Keinen Sinn macht es übrigens unserer Ansicht nach, Gold zuhause zu lagern, um im absoluten Krisenfall etwas abknipsen zu können, um einkaufen zu gehen. Da sind Silbermünzen die bessere Wahl.

Sie lagern die gekauften Edelmetalle für Ihre Kunden auch in Zollfreilagern in der Schweiz ein. Kann man sich seine Metalle dann dort einmal ansehen?
Tino Leukhardt: Das können Sie natürlich. Aber Sie würden wahrscheinlich enttäuscht sein. Der große Vorteil der Einlagerung sind ja neben den Steuervorteilen die günstigen Preise, da wir in größtmöglichen Einheiten einkaufen. In Silber ist das beispielsweise der Standardbarren mit 31,1 Kilogramm. Der sieht nicht schön aus, denn er ist ein Industrieprodukt. Sie haben als Kunde davon ein Bruchteilseigentum – ähnlich einer Eigentumswohnung in einem Mehrfamilienhaus. Dort können Sie die Wohnung ja auch nicht herausbasteln.

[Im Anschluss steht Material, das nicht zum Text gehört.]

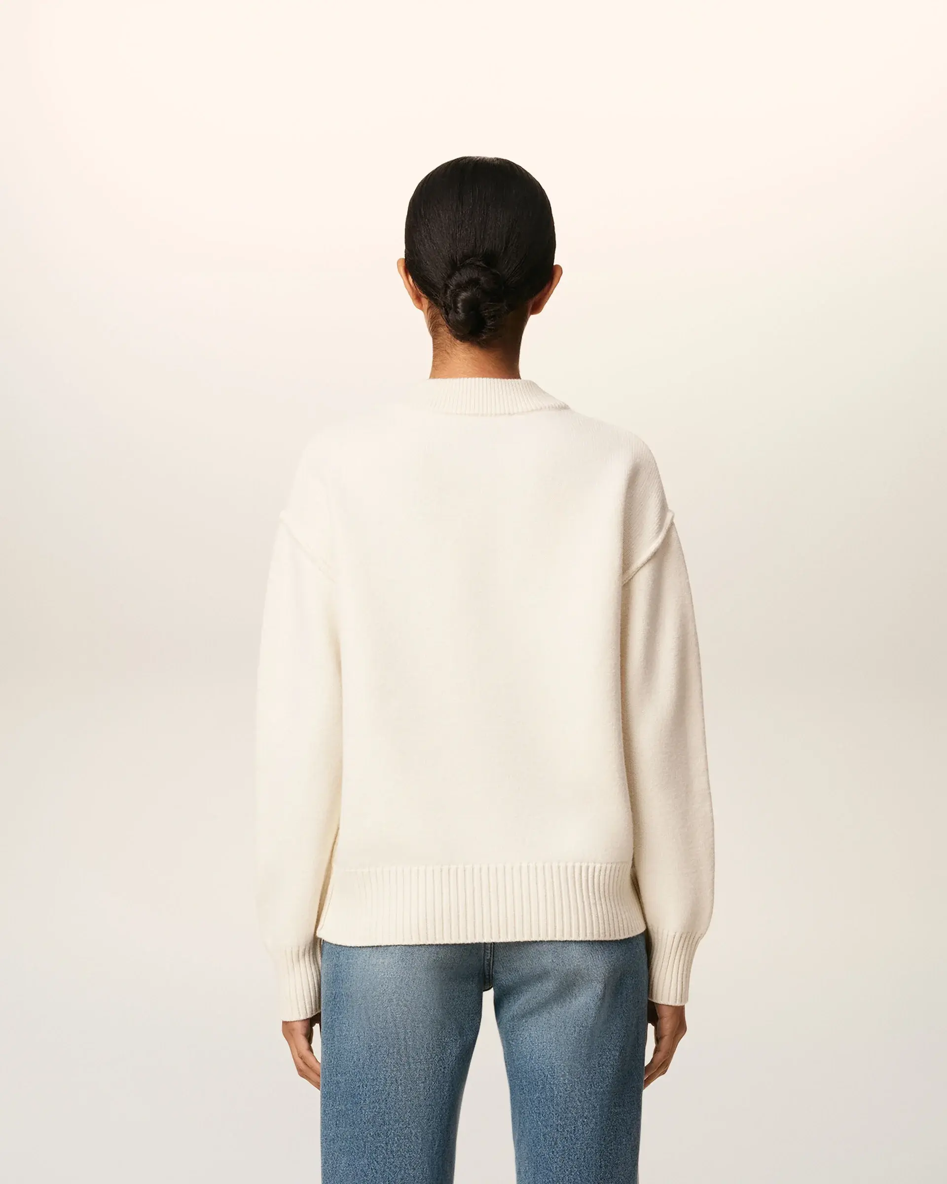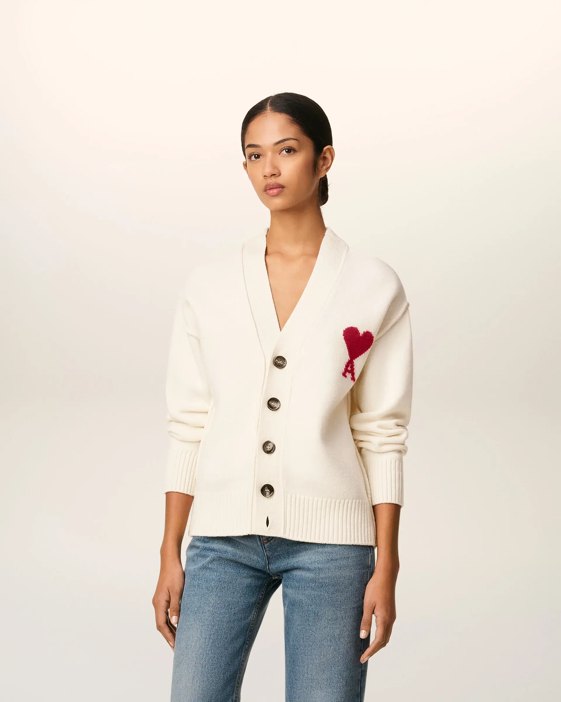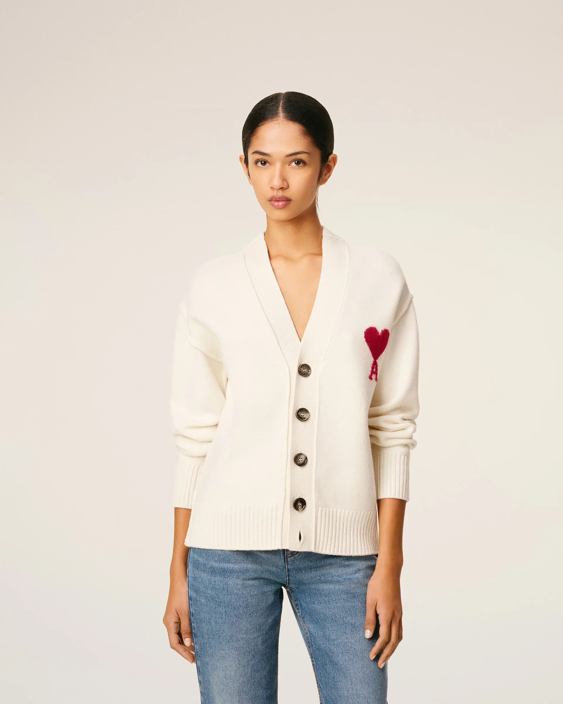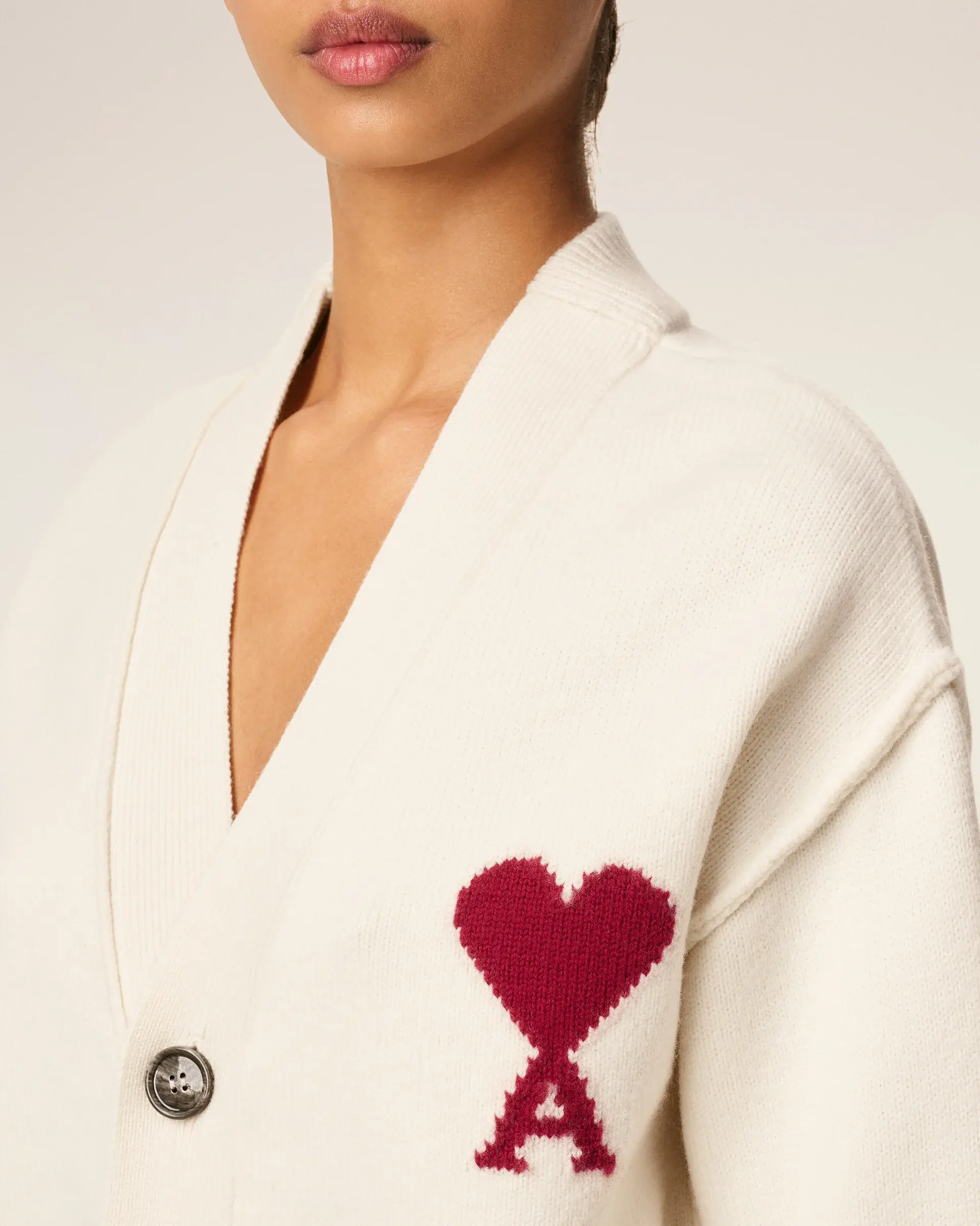 Unisex product "ami" engraved horn buttons Intarsia knitted Ami de Coeur on the chest Inside out seams Jersey stitch 64 cm center back length (size M) 58 cm center back length (size XS) Made in Portugal (with love)

Sie können aber diesen Bruchteil wieder verkaufen. Ihn wieder einfach zu Geld machen zu können, macht unsere Portfoliofunktionalität ja so attraktiv. Sie erwerben Eigentum an einem Metall, das Sie normalerweise nicht so günstig bekommen und das jederzeit handelbar ist.